The city had lost its beloved Colts in the middle of a snowy night, on Schaefer's watch, in 1984. The mayor went into a long, pouty-faced funk. To snap him out of it, his staff came up with a scheme to get Schaefer and the city "in the pink" after a long period of blue. So Pink Positive Day happened. Curbs were painted pink. Local TV personalities wore pink. There were pink balloons everywhere. Schaefer emerged from City Hall and waved to a crowd from the balcony. Hundreds of people wore pink and cheered from below. It was one of the most bizarre tableaus ever — like something the Argentine people might have done in tribute to Juan Peron in the good old days.

His first term as governor was fun. He had his longtime companion, Hilda Mae Snoops, buy drapes for the governor's mansion, and she commissioned a Victorian fountain, adorned with images of the flora and fauna of the Chesapeake, for the Government House lawn.
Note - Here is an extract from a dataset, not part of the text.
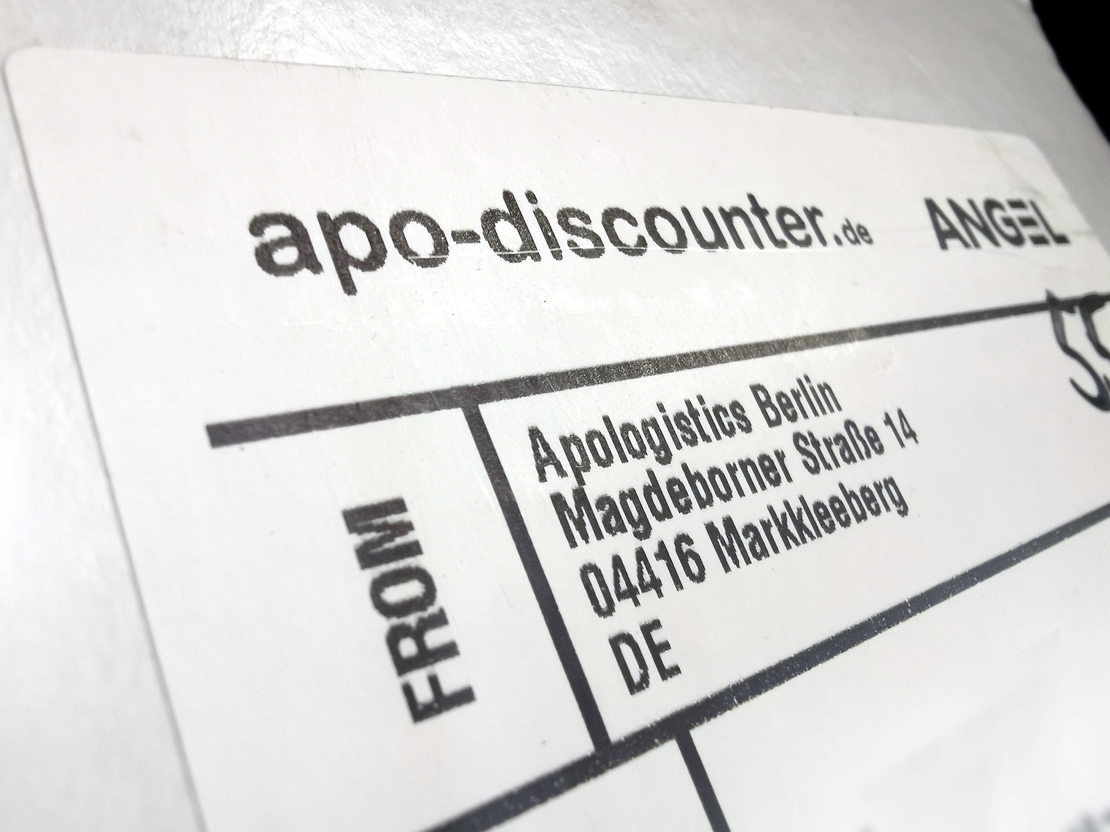 Wir schauen uns in Ruhe die Sendung an. Absender ist „Apologistics Berlin“ mit Sitz in Markkleeberg, das ist die Firma, die auf der Logistikseite hinter Apo-Discounter steht. Auf der Rechnung taucht dann die Apotheke im Praunsdorf Center auf, allerdings ebenfalls mit Adresse in Markkleeberg. Auf einem Etikett taucht noch der Hinweis „DHL Sameday (1/0)“ auf – vermutlich hat der Logistikkonzern die Sendung abgeholt und nach Berlin gebracht, wo sie dann an den Spediteur übergeben wurde.

The dedication — indeed, the blessing — of that fountain was one of the most peculiar moments in the long and peculiar life of William Donald Schaefer.

A large crowd formed on a rainy day. A clergyman in surplice spoke with British affectation, calling to mind Monty Python's Michael Palin leading a prayer in the chapel at an English boys school ("Oh, God, thou art so big — so very, very huge"). The reverend invoked "ye fowls of the air" and "ye beasts and ye cattle." He also used the phrases "cloven-hoofed" and "hooven" a lot. At the precise moment the fountain was unveiled, the reverend chimed: "Oh, God, thou art ever flowing with goodness." After that, Hilda Mae invited us all into the mansion for a boxed lunch of fish sticks and baked beans.

Through his second term as governor and, later, his stint as state comptroller, Schaefer was not as much fun. He became sour and frustrated. He said inappropriate things, and then finally slipped out of public sight. A whole new generation of political leaders had emerged by that time — a whole new generation of Marylanders, for that matter — and they could not appreciate what this cantankerous old guy had achieved years ago, in Baltimore, when he seemed to be the only true-believer standing in the street.